> _Assigned task_
Look in the data below for the line that has "衍纸,也称卷纸,是纸艺的一种", then print exactly every line from there through the line that has "久保田様ご夫妻も参加し、旦那", leaving pictures out.

-- Source material follows --

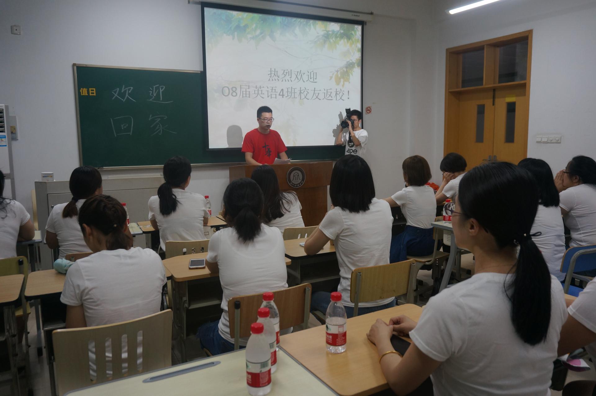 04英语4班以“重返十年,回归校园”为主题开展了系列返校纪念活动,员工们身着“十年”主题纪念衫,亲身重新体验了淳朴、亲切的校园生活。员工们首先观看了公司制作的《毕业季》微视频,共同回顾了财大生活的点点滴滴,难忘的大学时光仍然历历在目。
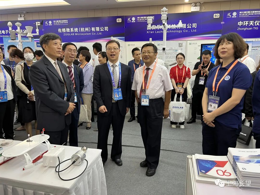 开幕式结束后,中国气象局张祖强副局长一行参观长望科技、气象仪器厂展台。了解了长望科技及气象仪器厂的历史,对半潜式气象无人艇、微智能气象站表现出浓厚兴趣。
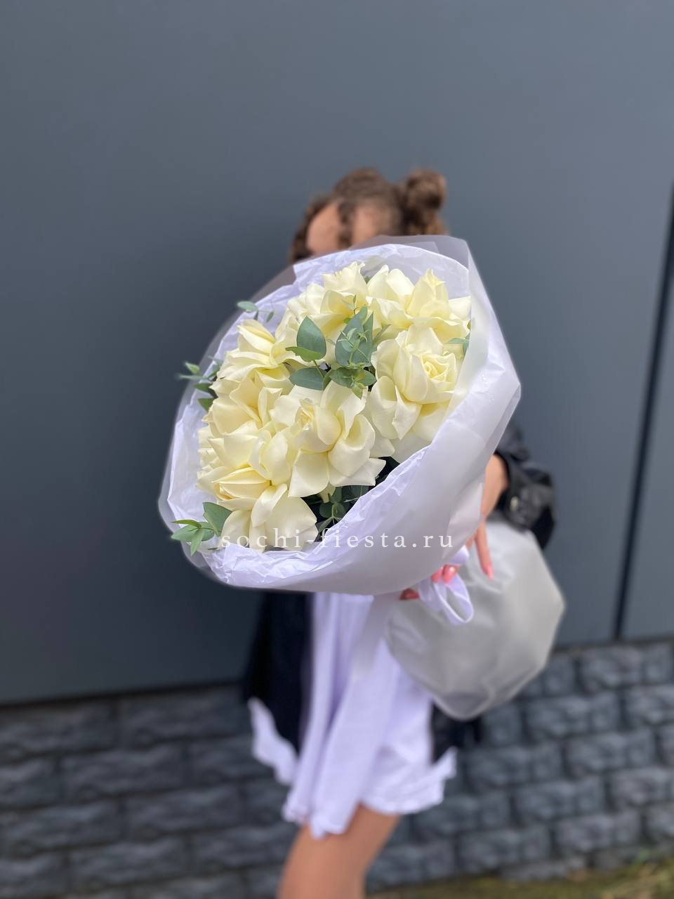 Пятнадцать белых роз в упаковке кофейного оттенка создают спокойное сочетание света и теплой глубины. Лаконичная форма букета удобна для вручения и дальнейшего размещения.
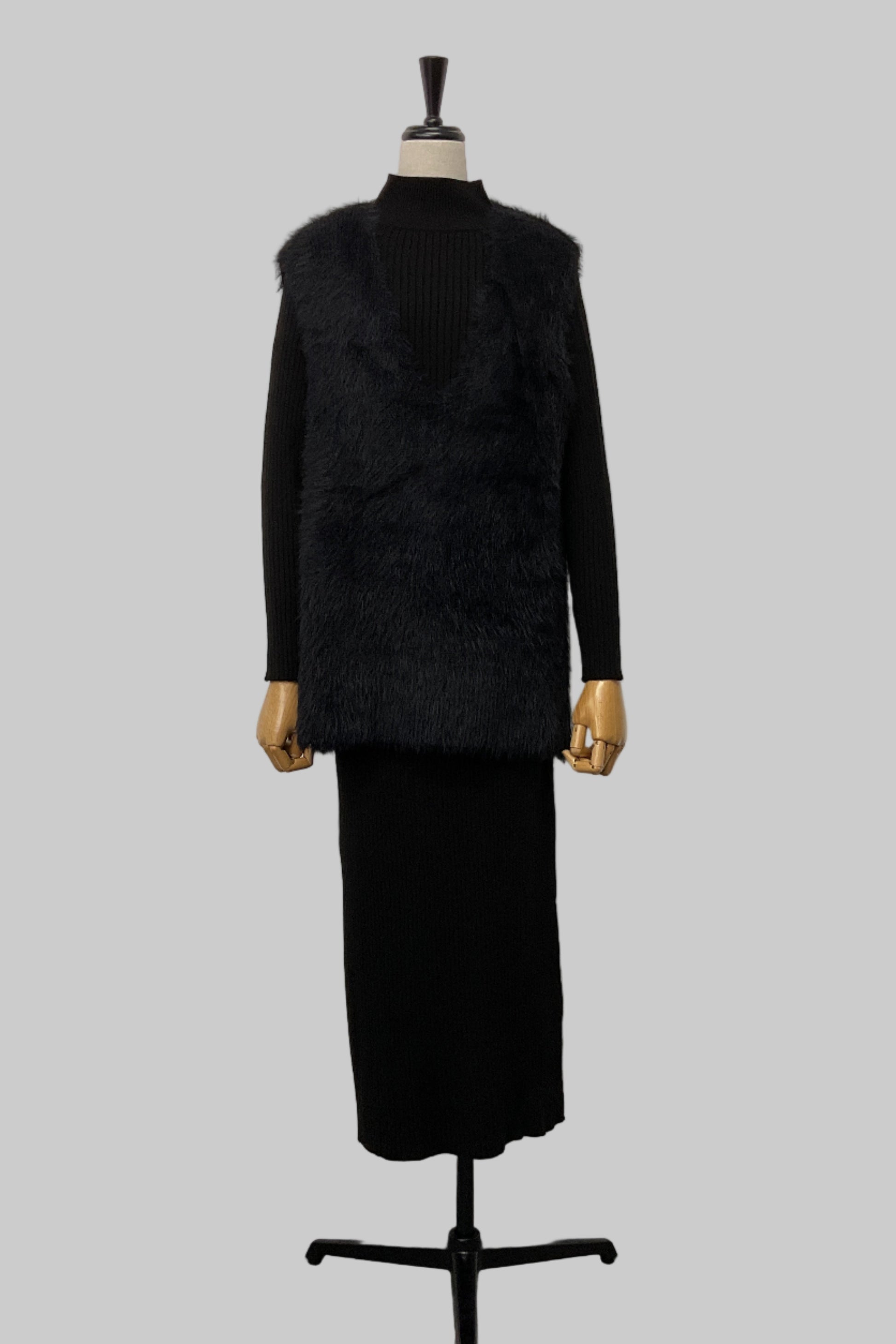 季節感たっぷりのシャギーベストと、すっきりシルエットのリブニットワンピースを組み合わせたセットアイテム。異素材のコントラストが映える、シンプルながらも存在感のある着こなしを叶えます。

-- Source material concluded --
-- Source material follows --

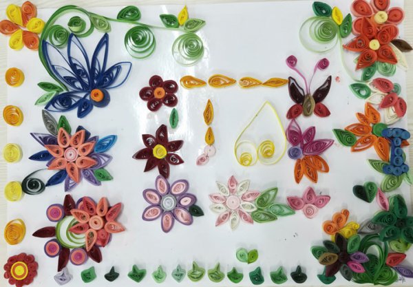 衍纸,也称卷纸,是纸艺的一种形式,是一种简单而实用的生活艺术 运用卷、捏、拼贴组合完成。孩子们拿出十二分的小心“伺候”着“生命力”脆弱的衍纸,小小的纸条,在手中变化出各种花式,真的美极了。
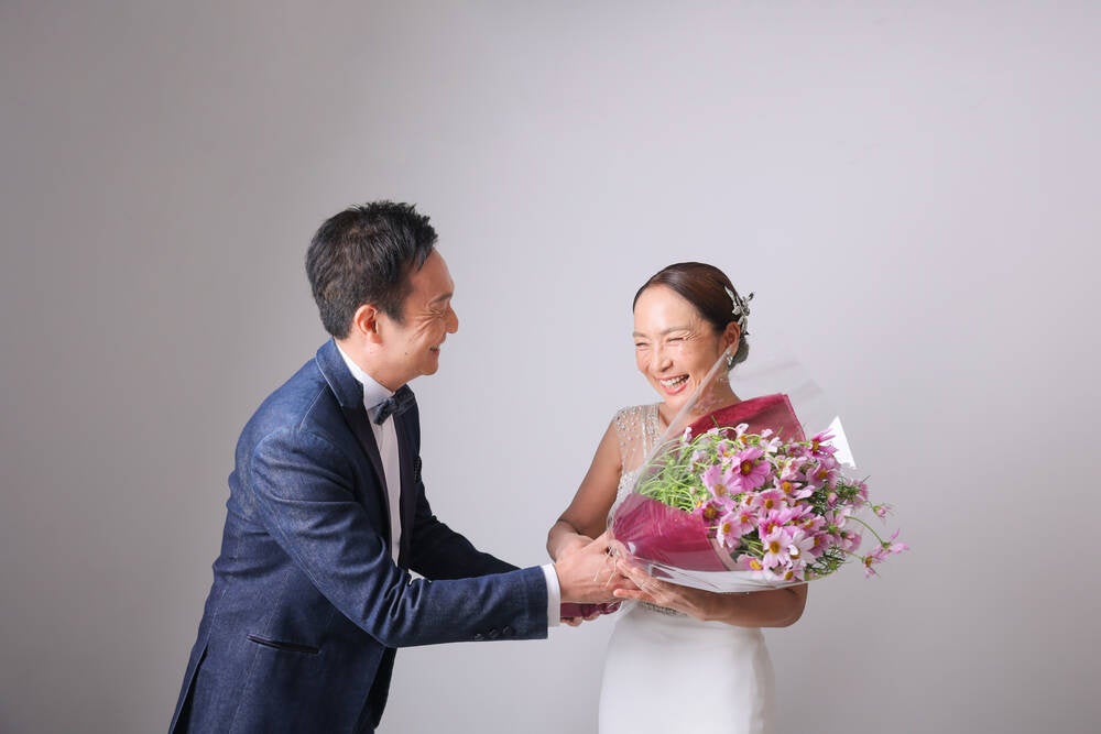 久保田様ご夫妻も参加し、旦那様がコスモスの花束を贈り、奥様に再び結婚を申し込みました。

-- Source material concluded --

> _Response_
 衍纸,也称卷纸,是纸艺的一种形式,是一种简单而实用的生活艺术 运用卷、捏、拼贴组合完成。孩子们拿出十二分的小心“伺候”着“生命力”脆弱的衍纸,小小的纸条,在手中变化出各种花式,真的美极了。
 久保田様ご夫妻も参加し、旦那様がコスモスの花束を贈り、奥様に再び結婚を申し込みました。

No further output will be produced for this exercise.